[A] v. Time

[LNgo 1G]

For a first order reaction the [A] v Time plot is a decreasing exponential but what would the graph of [A] v Time look like for a second order reaction?

[Haley Dveirin 1E]

For a second order reaction it gives a straight line.

[Alfred Barrion 2H]

The graph of [A] v. Time would be linear.

[Minh Ngo 4G]

Linear

[Angela Patel 2J]

Would the slope of the graph be k?

[805303639]

The graph of 1/[A] v Time for a second-order reaction yields a line with slope=k and y-intercept=1/[A]i. Hence the graph of [A] v Time for a second-order reaction would not be linear. The graph would be a rational function with a vertical asymptote at t= -1/(k[A]i).

[nicole-2B]

Would the slope of the graph be k?

yes the slope would be k

[Shrayes Raman]

Linear 1/[A] v time but not [A] v time

[Brandon Tao 1K]

The second order is linear

[Jarrett Peyrefitte 2K]

It would be linear

[Nawal Dandachi 1G]

for second order, it should be linear

[JesseAuLec1Dis1G]

It's linear for second order. Does anyone know when it wouldn't be linear?

[Caroline Zepecki]

For a second order reaction, it would be linear.

[McKenna_4A]

It would be linear, confirming that it is a 2nd order rxn.

[Emily Vainberg 1D]

If you look at the graoh of 1/[A] v Time for a second-order reaction, the slope is equal to K. The y intercept =1/[A]i.
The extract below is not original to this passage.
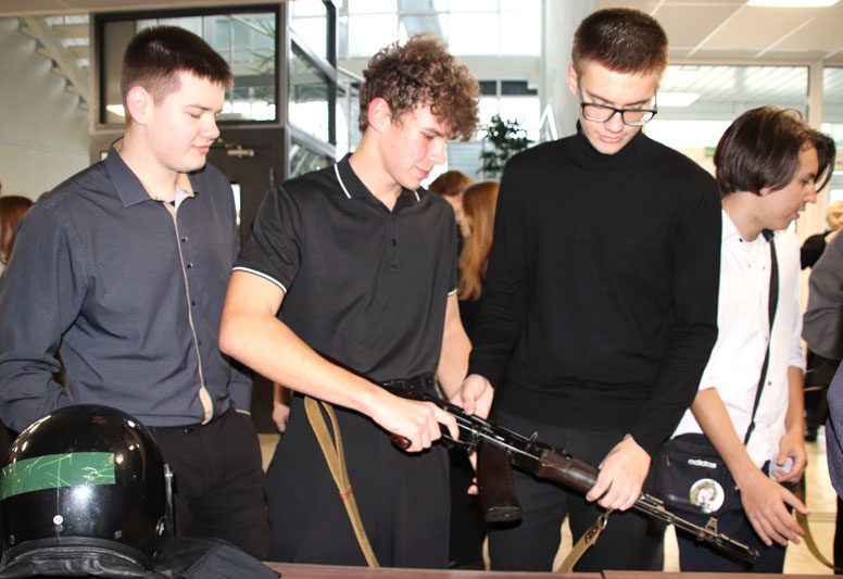 В фойе районного Центра культуры школьники могли примерить вооружение и снаряжение сотрудников МВД, необходимое для предупреждения и пресечения противоправных действий. О назначении каждого предмета рассказал командир отделения по охране территорий радиоактивного-загрязнения прапорщик милиции Александр Веденин.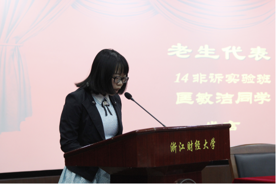 之后,14非诉班匡敏洁同学和16法二班余嘉颖同学分别代表老生和新生发言。

This means the graph for a second order reaction would be linear.

[Jaci Glassick 2G]

The slope of a 2nd order reaction (1/[A] vs. time) is k. The graph is linear.

[Abigail Sanders 1E]

The graph of [A] vs time would not be linear for a second order reaction. It is only linear for zero order. For second order the graph of 1/[A] vs t is a linear function with a slope equivalen to +k.

[Jacob_Eberson_2D]

it would be linear with a positive slope (k)

[Saatvika Nair]

I believe that the second order would be a linear function (straight line) with a positive slope of +k. The graph would be 1/[A]. Hope that helps!

[205769933]

Every graph should show a linear graph, it's the axis that are different.

[JennyZhu1K]

ln[A] vs time will be a straight line for first order reactions and [A] vs time will be a straight line for zero order reactions.

[Ryan Khiev 1L]

[A] vs time for a second order reaction would look like a steeper exponential function than a decreasing exponential, it could only be linear if it was 1/[A] vs time. If you have a graphing calculator and graph 1/X it would look similar to that.

[Emma Goellner 2I]

It should be a linear graph for a second order reaction!

[905756606]

For a second order reaction, the graph of 1/[A] (not [A]) vs time would be linear with a slope = k.

[Michelle Gong]

It would be linear with a positive K+ slope!

[Kelly McFarlane]

The plot of a second order reaction on a [A] vs. time graph would be linear.

[Violet Mbela 2B]

Hi,
The plot of a second-order reaction would be a linear (straight line) graph with a positive slope of K+.

[almaortega]

Second order reactions when plotted 1/[A] vs time will be an increasing linear graph. k will be the slope of this line.